There is certainly no shortage of releases and re-releases of Chet Baker recordings in various parts of Europe with a miscellany of groups, but Quintet Sessions 1979 is somewhat different. The clue is in the billing: Wolfgang Lackerschmid and Chet Baker. This was vibes player Lackerschmid’s project and Chet, in fine form, is required to do more (or sometimes less) than reprise his customary bruised lyricism.
The remastered Dot Time release adds one alternative track and one rehearsal track to the original album on Lackerschmid’s Sandra label. As Lackerschmid tells it, he and Chet had already made a duo album and wished to include guitarist Larry Coryell on a trio album, then Chet’s agent insisted on adding a rhythm section, so Buster Williams and Tony Williams joined the group in Stuttgart for the recording.
Chet is at his most typical in a beautifully poised ballad treatment of Here’s that Rainy Day, but the trumpeter doesn’t dominate proceedings. Of six tracks on the original album, five are originals, one by each of the band members, except that Larry Coryell contributes two, Chet none. On the opener, Mr. Biko, composer Tony Williams sets the mood and, though Chet comes in with a nicely economical solo, the most striking solo voice is the ever-articulate Coryell. Coryell’s own compositions are central to the album, The Latin One faded out after the guitarist changed his mind, but still containing some lovely playing, and Rue Gregoire du Tour (represented also by a rehearsal) the most memorable of the originals and the one that gives most scope to Chet’s distinctive gifts.
RON SIMPSON
TRICOTISM
NOSTALGIA
NervyCD002 72.22

This is a three-way encounter between guitarist Nigel Price, bassist Sandy Suchodolski and pianist Craig Milverton in a fast-moving programme of bebop staples and standard songs. They say they were inspired by the ‘great Peterson/Pass/Brown Trio’.

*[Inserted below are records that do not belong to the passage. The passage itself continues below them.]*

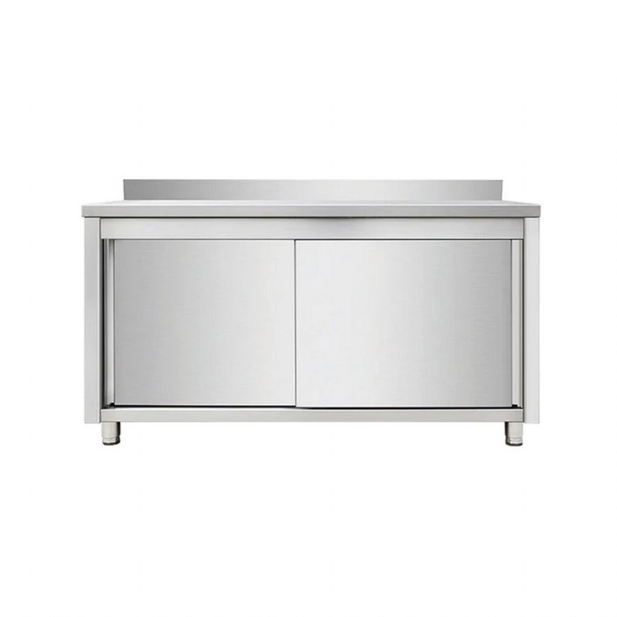 Meuble bas en inox avec portes coulissantes et dosseret - 1800x600x850+100mm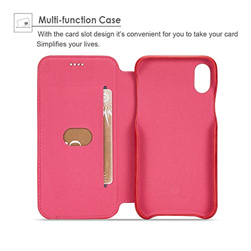 QLTYPRI Case for iPhone X, Vintage Slim Magnetic Closure PU Leather Case with Stand Function & Credit Card Slot Holder Shockproof Flip Wallet Cover for iPhone X - Red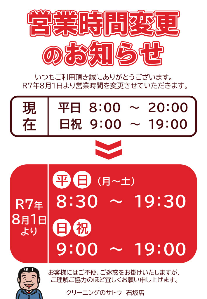 クリーニングのサトウ 石坂店 営業時間の変更のお知らせ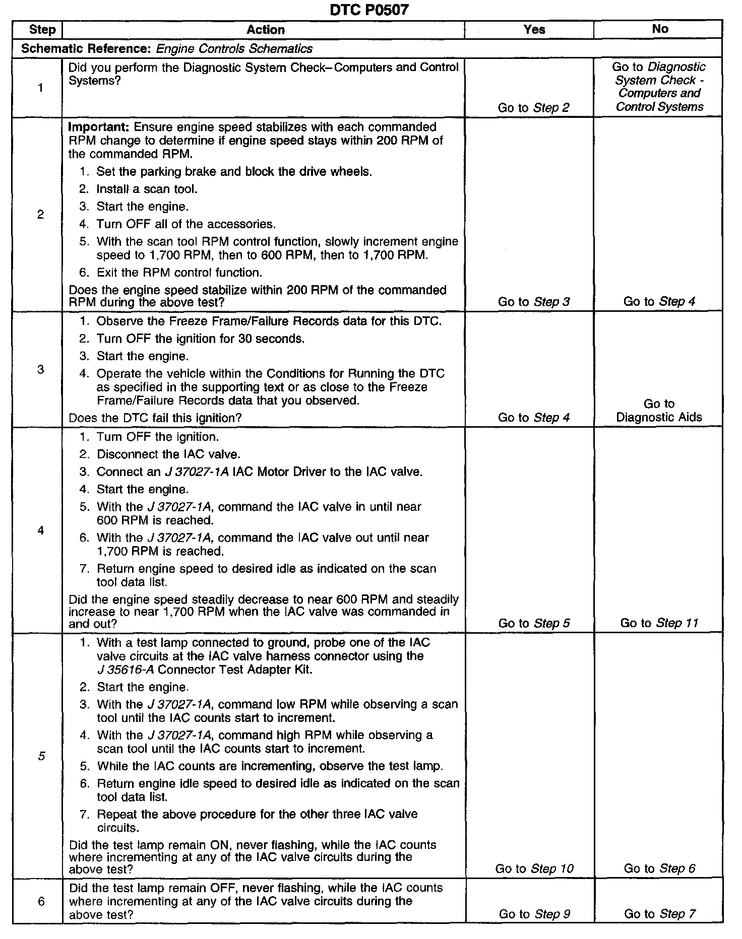 5. This test will determine the ability of the engine controller and IAC valve circuits to control the IAC valve.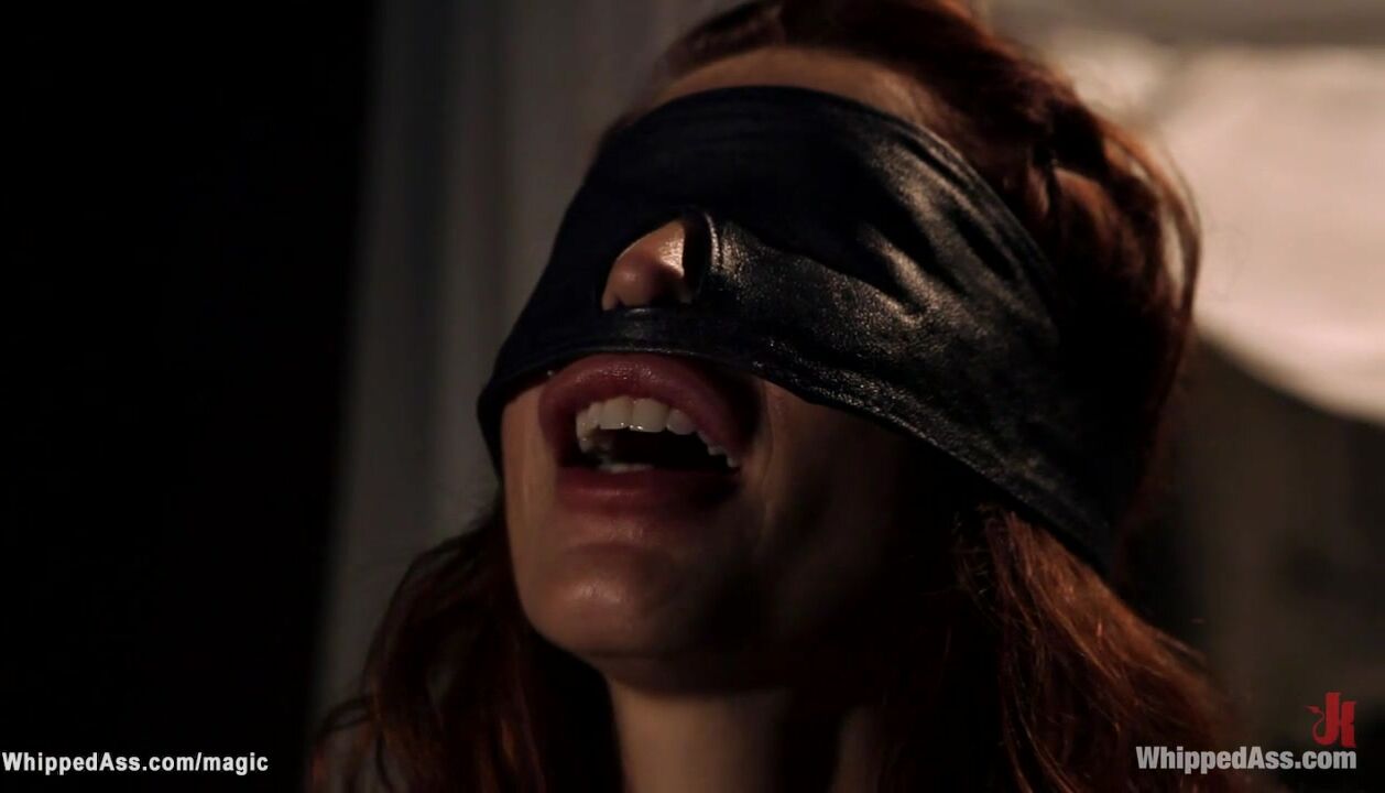 Big tits red head lesbian babe Monique Alexander is bound down on her knees and gets ass and bare feet caned then in bed anal fucked by lezdom Bobbi Starr
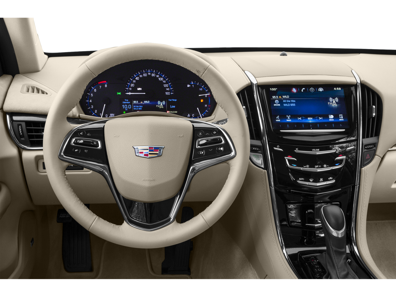 Cadillac CUE & Navigation (110V Power Receptacle, Bose Premium Surround Sound 10-Speaker System, Radio: Cadillac CUE Info/Media Ctrl w/Embedded Nav, and SiriusXM & HD Audio System), Cold Weather Package (Heated Driver & Front Passenger Seats and Heated Steering Wheel Rim), Luxury Equipment Group 1SF (3.27 Rear Axle Ratio, 4-Wheel Disc Antilock Brembo Fr Performance Brakes, Active Aero Grille, Bluetooth® For Phone/Audio, and Wireless Charging), Sun & Sound Package (Power Sunroof), 17 x 8 Polished Aluminum Wheels, 4-Wheel Disc Brakes, 7 Speakers, ABS brakes, Air Conditioning, Alloy wheels, AM/FM radio: SiriusXM, Auto-dimming door mirrors, Auto-dimming Rear-View mirror, Automatic temperature control, Bose Premium 7-Speaker Audio System Feature, Brake assist, Bumpers: body-color, Compass, Delay-off headlights, Driver & Front Passenger Seat Adjusters, Driver door bin, Driver vanity mirror, Dual front impact airbags, Dual front side impact airbags, Electronic Stability Control, Emergency communication system: OnStar Directions & Connections, Exterior Parking Camera Rear, Four wheel independent suspension, Front anti-roll bar, Front Bucket Seats, Front Center Armrest, Front dual zone A/C, Front reading lights, Fully automatic headlights, Garage door transmitter, Heated door mirrors, Illuminated entry, Knee airbag, Leather Seating Surfaces, Leather Shift Knob, Low tire pressure warning, Memory seat, Occupant sensing airbag, Outside temperature display, Overhead airbag, Overhead console, Panic alarm, Passenger door bin, Passenger vanity mirror, Power door mirrors, Power driver seat, Power passenger seat, Power steering, Power windows, Premium All-Weather Cargo Mat (LPO), Premium audio system: Cadillac CUE, Radio data system, Radio: Cadillac CUE Info & Media Control System, Rear anti-roll bar, Rear reading lights, Rear seat center armrest, Rear window defroster, Remote keyless entry, Speed control, Speed-sensing steering, Split folding rear seat, Steering wheel mounted audio controls, Tachometer, Telescoping steering wheel, Tilt steering wheel, Traction control, Trip computer, Turn signal indicator mirrors, Variably intermittent wipers, and Voltmeter.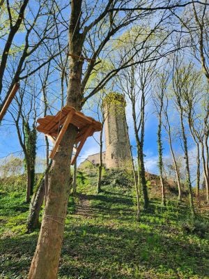 Visitors can experience a sequence of nineteen consecutive zip lines while enjoying panoramic views that extend 360 degrees around Schlossberg Castle.

That may be so but what they have produced soon transcends any need for comparisons as they settle into creative overdrive. Each jousts with the others, Milverton lively in OP fashion, Price up for it all, combative as ever, as Suchodolski supports and solos on equal terms with the others.
Definitely a case of all for one and one for all, with quick-thinking evident on the title track, a neat piece by Fats Navarro. Here Milverton is expansive, using the locked-hands technique and building nicely, Price running with the ball, piano alongside and Suchodolski walking purposefully.
Gershwin’s The Man I Love is like a master class in interplay, each player sculpting his own pathway through these time-honoured harmonies. There are no fumbles here, no longueurs, just ten varied tracks marked by empathy, coloured by inspiration and showing an abiding desire to find new things to say.
All of which is exemplified on the exhilarating Superjet by Tadd Dameron, no quarter asked, none given, at the album’s end.